◆ Exercise directions:
In the entries below, find the line with "O aquecedor infravermelho" and the line with "These earrings are". Print those two and everything between them exactly, and nothing else.

START Extracted records

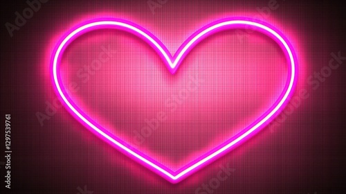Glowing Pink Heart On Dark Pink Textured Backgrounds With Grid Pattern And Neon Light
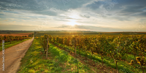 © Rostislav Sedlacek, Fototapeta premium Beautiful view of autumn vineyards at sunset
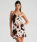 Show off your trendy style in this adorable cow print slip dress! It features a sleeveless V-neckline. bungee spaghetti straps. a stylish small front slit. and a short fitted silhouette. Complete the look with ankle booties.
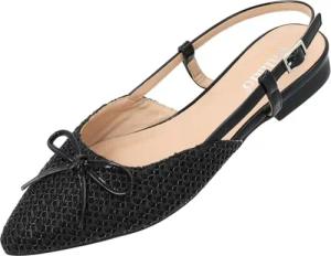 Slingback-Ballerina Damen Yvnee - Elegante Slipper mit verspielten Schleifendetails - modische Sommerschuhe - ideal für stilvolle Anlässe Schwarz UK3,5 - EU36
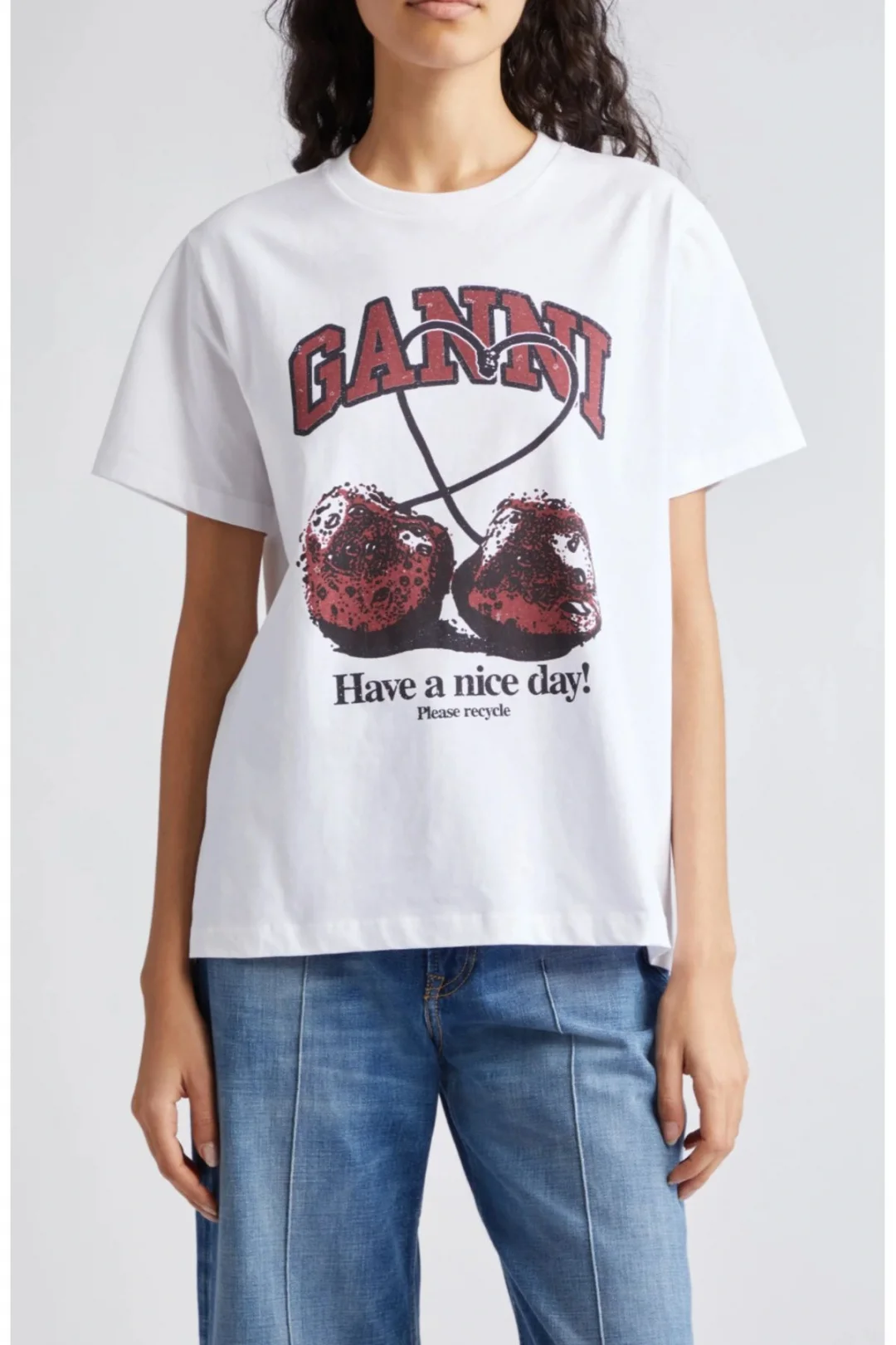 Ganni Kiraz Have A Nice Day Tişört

END Extracted records
START Extracted records

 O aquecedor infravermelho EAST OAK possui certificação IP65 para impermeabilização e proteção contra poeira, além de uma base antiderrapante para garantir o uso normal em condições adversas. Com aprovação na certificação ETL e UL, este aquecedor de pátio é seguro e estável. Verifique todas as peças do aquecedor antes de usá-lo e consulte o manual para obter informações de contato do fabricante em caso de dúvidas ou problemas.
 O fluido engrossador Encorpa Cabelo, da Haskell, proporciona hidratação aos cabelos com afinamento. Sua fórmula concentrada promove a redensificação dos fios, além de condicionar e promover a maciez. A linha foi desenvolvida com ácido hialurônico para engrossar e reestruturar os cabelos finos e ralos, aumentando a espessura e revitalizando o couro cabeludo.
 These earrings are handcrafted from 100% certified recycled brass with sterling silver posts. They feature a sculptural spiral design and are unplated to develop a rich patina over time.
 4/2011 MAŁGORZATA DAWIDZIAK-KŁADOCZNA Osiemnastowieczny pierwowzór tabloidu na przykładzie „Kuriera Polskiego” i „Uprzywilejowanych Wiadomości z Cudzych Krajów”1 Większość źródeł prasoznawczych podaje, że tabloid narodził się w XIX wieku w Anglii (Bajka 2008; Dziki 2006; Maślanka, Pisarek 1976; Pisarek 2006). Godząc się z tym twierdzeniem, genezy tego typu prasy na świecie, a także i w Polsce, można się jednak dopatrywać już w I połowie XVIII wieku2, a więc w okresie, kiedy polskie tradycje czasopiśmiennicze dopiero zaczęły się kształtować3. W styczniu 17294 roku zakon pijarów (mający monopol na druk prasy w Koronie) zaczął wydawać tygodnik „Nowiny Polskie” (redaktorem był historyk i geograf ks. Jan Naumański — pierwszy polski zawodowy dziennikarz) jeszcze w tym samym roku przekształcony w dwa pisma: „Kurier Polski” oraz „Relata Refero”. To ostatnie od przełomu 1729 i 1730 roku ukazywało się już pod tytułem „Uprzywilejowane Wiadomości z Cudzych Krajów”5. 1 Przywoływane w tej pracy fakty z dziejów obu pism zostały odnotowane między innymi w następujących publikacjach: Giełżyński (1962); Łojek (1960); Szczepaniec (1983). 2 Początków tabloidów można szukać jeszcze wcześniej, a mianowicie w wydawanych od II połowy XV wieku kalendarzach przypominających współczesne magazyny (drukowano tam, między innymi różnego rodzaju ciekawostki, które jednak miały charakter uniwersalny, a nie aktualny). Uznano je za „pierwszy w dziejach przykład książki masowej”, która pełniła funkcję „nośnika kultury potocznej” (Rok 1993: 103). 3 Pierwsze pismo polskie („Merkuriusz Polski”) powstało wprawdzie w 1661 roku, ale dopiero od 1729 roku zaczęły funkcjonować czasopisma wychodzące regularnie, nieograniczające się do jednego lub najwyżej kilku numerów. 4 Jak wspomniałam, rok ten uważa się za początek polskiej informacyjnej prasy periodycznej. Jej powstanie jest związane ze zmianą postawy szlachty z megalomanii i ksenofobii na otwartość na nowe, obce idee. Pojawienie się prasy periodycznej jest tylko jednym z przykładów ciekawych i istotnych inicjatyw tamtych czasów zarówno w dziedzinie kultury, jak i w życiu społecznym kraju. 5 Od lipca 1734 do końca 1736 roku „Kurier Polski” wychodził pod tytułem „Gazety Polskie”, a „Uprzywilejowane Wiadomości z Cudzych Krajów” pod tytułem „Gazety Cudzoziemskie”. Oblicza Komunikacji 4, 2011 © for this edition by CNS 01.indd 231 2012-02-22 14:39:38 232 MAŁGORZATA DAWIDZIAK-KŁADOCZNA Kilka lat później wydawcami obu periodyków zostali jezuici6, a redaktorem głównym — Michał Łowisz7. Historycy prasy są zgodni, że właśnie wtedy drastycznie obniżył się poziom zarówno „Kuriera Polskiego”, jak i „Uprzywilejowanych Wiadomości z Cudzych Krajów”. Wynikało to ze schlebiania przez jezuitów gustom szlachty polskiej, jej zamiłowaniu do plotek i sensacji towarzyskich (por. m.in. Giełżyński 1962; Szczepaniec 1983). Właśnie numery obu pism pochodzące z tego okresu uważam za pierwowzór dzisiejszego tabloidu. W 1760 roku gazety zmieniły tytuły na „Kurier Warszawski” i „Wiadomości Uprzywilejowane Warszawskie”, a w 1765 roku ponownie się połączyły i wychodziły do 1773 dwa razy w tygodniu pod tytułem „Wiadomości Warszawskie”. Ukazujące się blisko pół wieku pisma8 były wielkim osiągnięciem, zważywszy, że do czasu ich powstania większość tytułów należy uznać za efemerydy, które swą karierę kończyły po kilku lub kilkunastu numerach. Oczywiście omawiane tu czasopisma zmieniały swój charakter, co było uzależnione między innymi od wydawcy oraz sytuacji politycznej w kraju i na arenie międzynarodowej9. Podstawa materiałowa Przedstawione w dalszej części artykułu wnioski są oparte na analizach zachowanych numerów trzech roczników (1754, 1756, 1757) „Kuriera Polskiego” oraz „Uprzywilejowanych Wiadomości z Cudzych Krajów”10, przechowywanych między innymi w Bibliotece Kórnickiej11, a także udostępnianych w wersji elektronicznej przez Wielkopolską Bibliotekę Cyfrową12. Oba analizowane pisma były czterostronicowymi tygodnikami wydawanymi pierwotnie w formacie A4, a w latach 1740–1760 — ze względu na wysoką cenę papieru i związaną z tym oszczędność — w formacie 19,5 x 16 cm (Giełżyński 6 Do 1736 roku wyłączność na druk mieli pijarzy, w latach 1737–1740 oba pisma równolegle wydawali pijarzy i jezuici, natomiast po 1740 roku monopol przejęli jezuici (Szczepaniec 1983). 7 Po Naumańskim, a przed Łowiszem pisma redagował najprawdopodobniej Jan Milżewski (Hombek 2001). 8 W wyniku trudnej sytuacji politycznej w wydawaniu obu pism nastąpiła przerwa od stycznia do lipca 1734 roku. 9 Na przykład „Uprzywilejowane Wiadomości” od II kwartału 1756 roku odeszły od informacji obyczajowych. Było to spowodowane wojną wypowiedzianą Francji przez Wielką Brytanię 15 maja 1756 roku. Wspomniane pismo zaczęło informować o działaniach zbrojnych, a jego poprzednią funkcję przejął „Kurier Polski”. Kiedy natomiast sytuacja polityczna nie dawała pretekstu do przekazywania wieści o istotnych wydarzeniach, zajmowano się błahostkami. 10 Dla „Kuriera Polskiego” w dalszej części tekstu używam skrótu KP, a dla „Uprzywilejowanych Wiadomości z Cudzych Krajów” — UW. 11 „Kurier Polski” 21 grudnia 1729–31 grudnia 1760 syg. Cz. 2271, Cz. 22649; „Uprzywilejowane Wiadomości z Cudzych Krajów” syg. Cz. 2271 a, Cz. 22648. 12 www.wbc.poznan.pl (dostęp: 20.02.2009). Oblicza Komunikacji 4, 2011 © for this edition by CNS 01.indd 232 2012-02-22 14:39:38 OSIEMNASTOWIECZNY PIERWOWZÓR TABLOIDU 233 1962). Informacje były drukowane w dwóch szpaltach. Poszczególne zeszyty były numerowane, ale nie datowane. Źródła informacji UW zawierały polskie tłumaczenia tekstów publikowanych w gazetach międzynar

END Extracted records

◆ Finished task:
 O aquecedor infravermelho EAST OAK possui certificação IP65 para impermeabilização e proteção contra poeira, além de uma base antiderrapante para garantir o uso normal em condições adversas. Com aprovação na certificação ETL e UL, este aquecedor de pátio é seguro e estável. Verifique todas as peças do aquecedor antes de usá-lo e consulte o manual para obter informações de contato do fabricante em caso de dúvidas ou problemas.
 O fluido engrossador Encorpa Cabelo, da Haskell, proporciona hidratação aos cabelos com afinamento. Sua fórmula concentrada promove a redensificação dos fios, além de condicionar e promover a maciez. A linha foi desenvolvida com ácido hialurônico para engrossar e reestruturar os cabelos finos e ralos, aumentando a espessura e revitalizando o couro cabeludo.
 These earrings are handcrafted from 100% certified recycled brass with sterling silver posts. They feature a sculptural spiral design and are unplated to develop a rich patina over time.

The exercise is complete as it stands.